Yaptıkları işe çöpleri temizlemek deniyor; Miles da söz konusu emlakin şimdiki sahibi yerel bankalara “ev bakımı” taşeronluğu yapan Dunbar Emlak Şirketi’nin iş verdiği dört kişilik bir ekipte çalışıyor. Güney Florida’nın uzayıp giden düzlükleri bu öksüz yapılarla dolu ve bunları olabildiğince çabuk elden çıkarmak bankaların işine geldiği için, boşalmış evlerin hemen temizlenmesi, onarılması, alıcı adaylarına gösterilebilecek hale getirilmesi gerekiyor. Ekonominin harap olması, sıkıntıların acımasızca yayılması yüzünden çöken dünyada, çöp temizleme işi bu bölgede gelişen birkaç sektörden biri. Bu işi bulduğu için şanslı. Buna daha ne kadar katlanabileceğini kestiremiyor; ama parası iyi, üstelik işlerin günbegün azaldığı bir ülkede iyi bir iş olmasa da hiç yoktan iyi.
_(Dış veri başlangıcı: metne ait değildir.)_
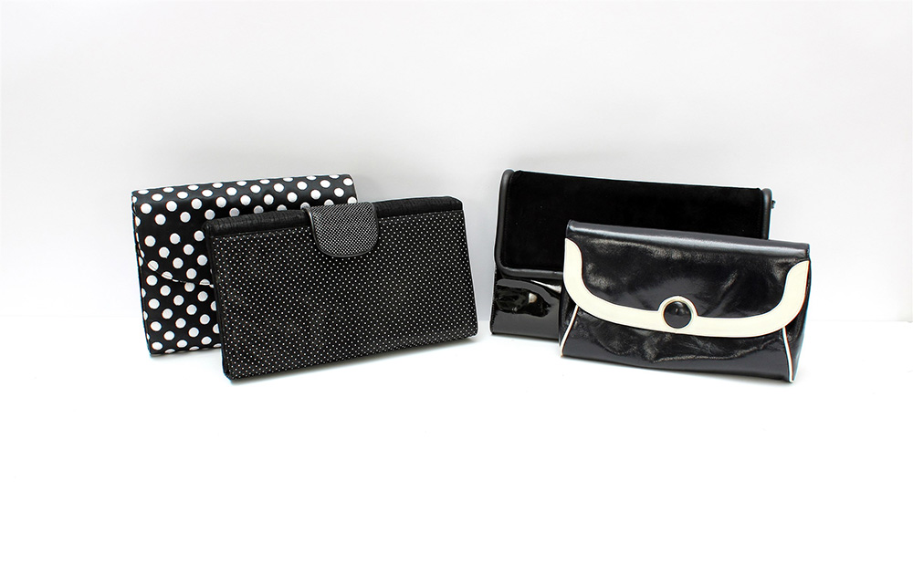 Lotto di quattro borse di tessuti differenti sui toni del bianco e nero (varie misure) (segni d'uso)
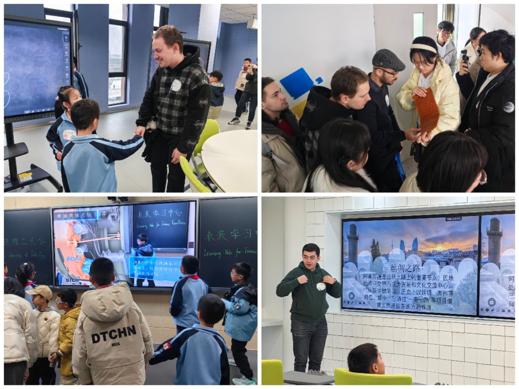 聚焦“教育新科技”,孩子们与留学生们一同踏入了未来学习中心与智慧教室,体验虚拟现实的奇妙世界。未来学习中心关于活字印刷术、摩斯密码、电子图书馆的精心设计,智慧教室中的互动白板、远程教学系统,激发了孩子们对未来学习方式的好奇与憧憬。
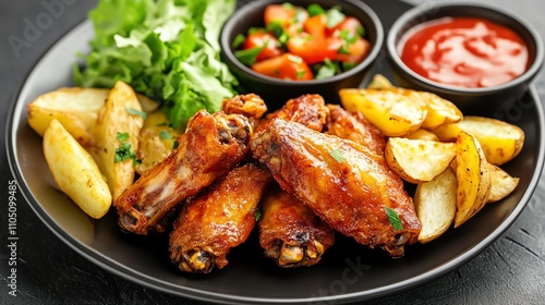 A plate of chicken wings with potato wedges, a bowl of tomato salsa and a bowl of red sauce.
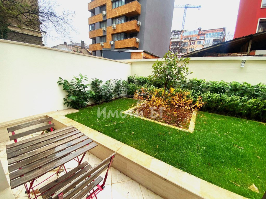 Уникален нов двустаен апартамент със собствена градина под наем. Усещане за живот в къща, в центъра на столицата. Жилището е изключително просторно и се състои от входно антре, кухня с трапезария, хол, спалня с дрешник, баня с тоалетна и собствен закътан вътрешен двор. Без никакви преминаващи коли или пешеходци около жилище. Напълно оборудван и обзаведен с внимание и към най-малкия детайл. Всички стаи са големи и светли. Апартаментът е изцяло вътрешен, със западно изложение. Отоплението е чрез централен ТЕЦ, има и климатици.
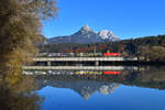 1116 039 war mit einem gemischten Güterzug am 20. März 2026 bei Übersee am Chiemsee in Richtung München unterwegs.
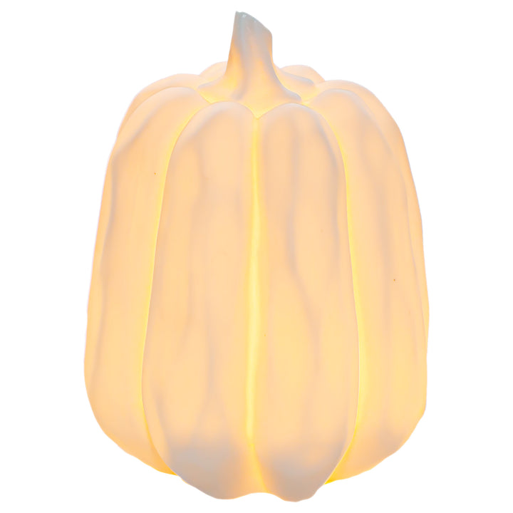 Softly illuminated from within, this white LED pumpkin highlights its sculpted ridges with a serene, modern glow. The medium-size accent styles effortlessly on mantels, consoles, or centerpieces and blends seamlessly with both minimalist and collected décor. Approximate dimensions are 4.25 x 4.25 x 5.25 inches.

İlk başta o dağınıklık, o pislik, o bakımsızlık onu şaşkına çeviriyordu. Girdiği evlerden ancak bir ikisi, eski sahipleri tarafından tertemiz bırakılmış oluyordu. Evlerin çoğunluğu ise –açık bırakılmış evye ve banyo musluklarından taşmış sulardan tutun da, çekiçle çökertilmiş duvarlara ya da müstehcen yazılarla dolu duvarlara veya kurşunlarla delik deşik edilmiş duvarlara kadar, koparılıp götürülmüş bakır borulardan yer yer çamaşır suyundan ağarmış halılara ve salonun ortasına yığılmış dışkılara kadar– bir şiddet ve öfke patlamasının, giderayak duyulan hırsın yarattığı kaprisli bir vandalizmin izlerini taşıyordu. Belki bunlar çok aşırı örnekler, belki varını yoğunu kaybetmiş insanların öfkeden kaynaklanan, iğrenç ama anlaşılabilir umutsuzluk izleri; ama o, bir eve girdiğinde her zaman irkilmese bile yine de ürkmeden hiçbir kapıyı açamıyor. Kaçınılmaz olarak ilk karşısına çıkan şey koku oluyor; küfün, bozulmuş sütün, kedi sidiğinin, tuvaletlerdeki kurumuş dışkıların ve mutfak tezgâhında çürüyen yiyeceklerin birbirine karışmış ve her yere sinmiş kokuları burun deliklerine saldırıyor. Açık pencerelerden giren temiz hava bile o kokuları söküp atamıyor; en düzenli, en köşe bucak temizlik bile o yenilmişliğin kokusunu yok edemiyor.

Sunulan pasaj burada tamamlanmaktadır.